Re: [Moses-support] Syntax-based Constrained Decoding

2016-11-16 Thread Hieu Hoang
good to know that the constrained decoding works. And yes, the 
reachability of the training data is only theoritical in the absence of 
pruning such as cube pruning, beams etc.



On 15/11/2016 20:00, Shuoyang Ding wrote:

Hi Hieu,

I’ve made change 1, 2, 4 before emailing you, and the coverage didn’t 
change much. It turns out the bottleneck is on beam-threshold — the 
default value was 1e-5, which is a pretty tough limit for constrained 
decoding.


After setting that to 0 I played around a little bit with cube-pruning 
limit. The coverage is around 25% to 40% depending on what number you 
use, but higher coverage comes with longer decoding time, which is 
what one would expect to happen.


Still, for string-to-tree constrained decoding the easiest way may 
still be decoding with phrase tables built per-sentence, since the 
decoding is generally slower. However, even for that, the default 
value of beam-threshold needs to be overridden in order to make it 
work properly.


Hope the info helps.

Regards,
Shuoyang Ding

Ph.D. Student
Center for Language and Speech Processing
Department of Computer Science
Johns Hopkins University

Hackerman Hall 225A
3400 N. Charles St.
Baltimore, MD 21218

http://cs.jhu.edu/~sding 

On Oct 28, 2016, at 9:27 AM, Hieu Hoang > wrote:


good point. The decoder is set up to translate quickly so there's a 
few pruning parameters which throws out low scoring rules or hypotheses.

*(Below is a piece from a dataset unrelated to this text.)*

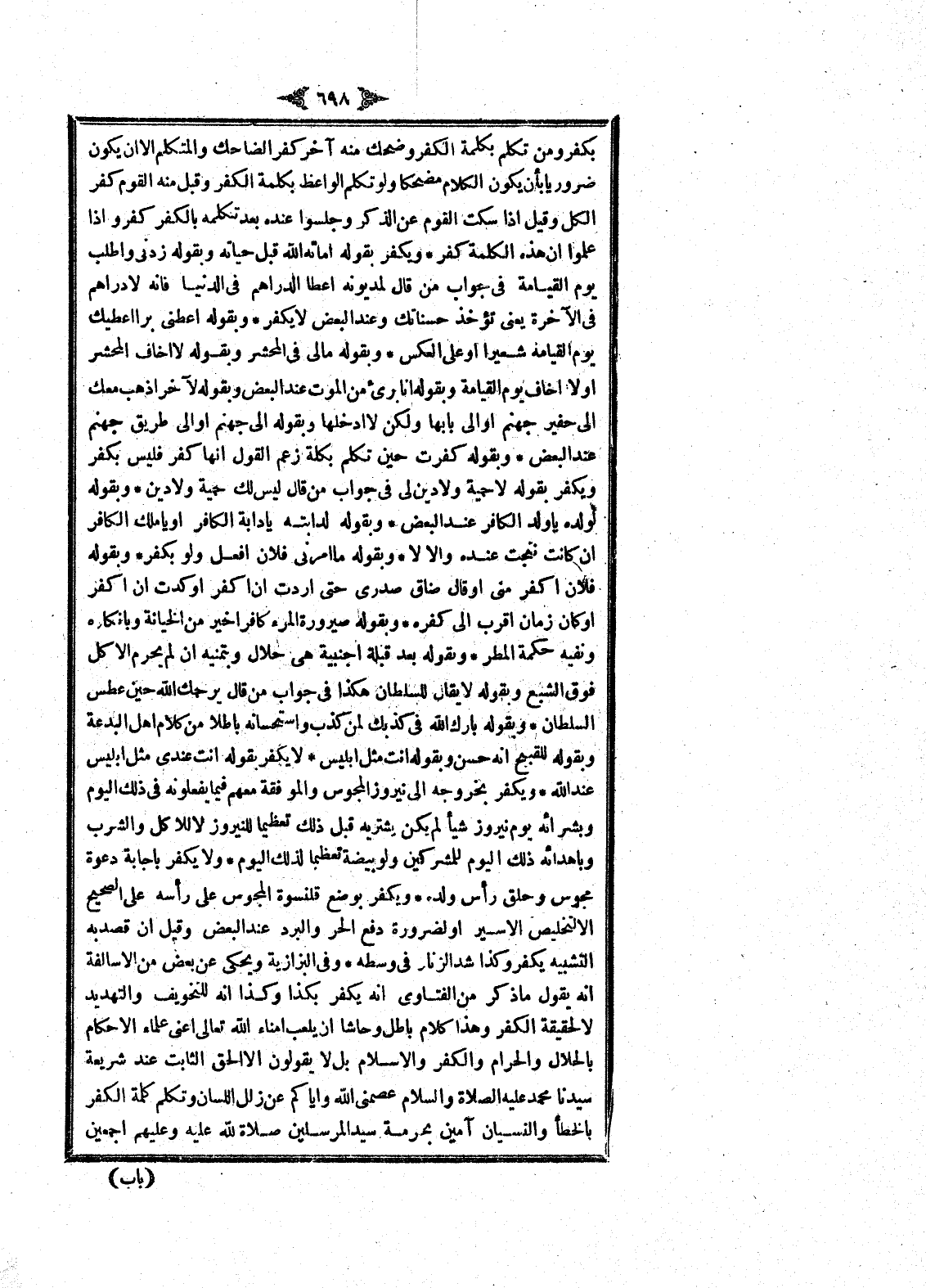 وَفِي الْبَزَّازِيَّةِ وَيُحْكَى عَنْ بَعْضٍ مِنْ الْأَسَالِفَةِ أَنَّهُ يَقُولُ مَا ذُكِرَ مِنْ الْفَتَاوَى أَنَّهُ يَكْفُرُ بِكَذَا وَكَذَا أَنَّهُ لِلتَّخْوِيفِ وَالتَّهْدِيدِ لَا لِحَقِيقَةِ الْكُفْرِ، وَهَذَا كَلَامٌ بَاطِلٌ وَحَاشَا أَنْ يَلْعَبَ أُمَنَاءُ اللَّهِ تَعَالَى أَعْنِي عُلَمَاءَ الْأَحْكَامِ بِالْحَلَالِ وَالْحَرَامِ وَالْكُفْرِ وَالْإِسْلَامِ بَلْ لَا يَقُولُونَ إلَّا الْحَقَّ الثَّابِتَ عِنْدَ شَرِيعَةِ سَيِّدِنَا مُحَمَّدٍ - عَلَيْهِ الصَّلَاةُ وَالسَّلَامُ - عَصَمَنِي اللَّهُ وَإِيَّاكُمْ عَنْ زَلَلٍ عَنْ اللِّسَانِ وَتَكَلُّمِ كَلِمَةِ الْكُفْرِ بِالْخَطَأِ وَالنِّسْيَانِ آمِينَ بِحُرْمَةِ سَيِّدِ الْمُرْسَلِينَ صَلَاةٌ لِلَّهِ عَلَيْهِ وَعَلَيْهِمْ أَجْمَعِينَ.

These are some of the pruning parameters you'll need to change (there 
may be more):

  1. [feature]
  PhraseDictionaryWHATEVER table-limit=0
  2. [cube-pruning-pop-limit]
  100
  3. [beam-threshold]
  0
  4. [stack]
  100
Make the change 1 at a time in case it makes decoding too slow, even 
with constrained decoding.


It may be that you have to run the decoder with  phrase-tables that 
are trained only on 1 sentence at a time.


I'll be interested in knowing how you get on so let me know how it goes

On 26/10/2016 13:56, Shuoyang Ding wrote:

Hi All,

I’m trying to do syntax-based constrained decoding on the same data 
from which I extracted my rules, and I’m getting very low coverage 
(~12%). I’m using GHKM rule extraction which in theory should be 
able to reconstruct the target translation even only with minimal rules.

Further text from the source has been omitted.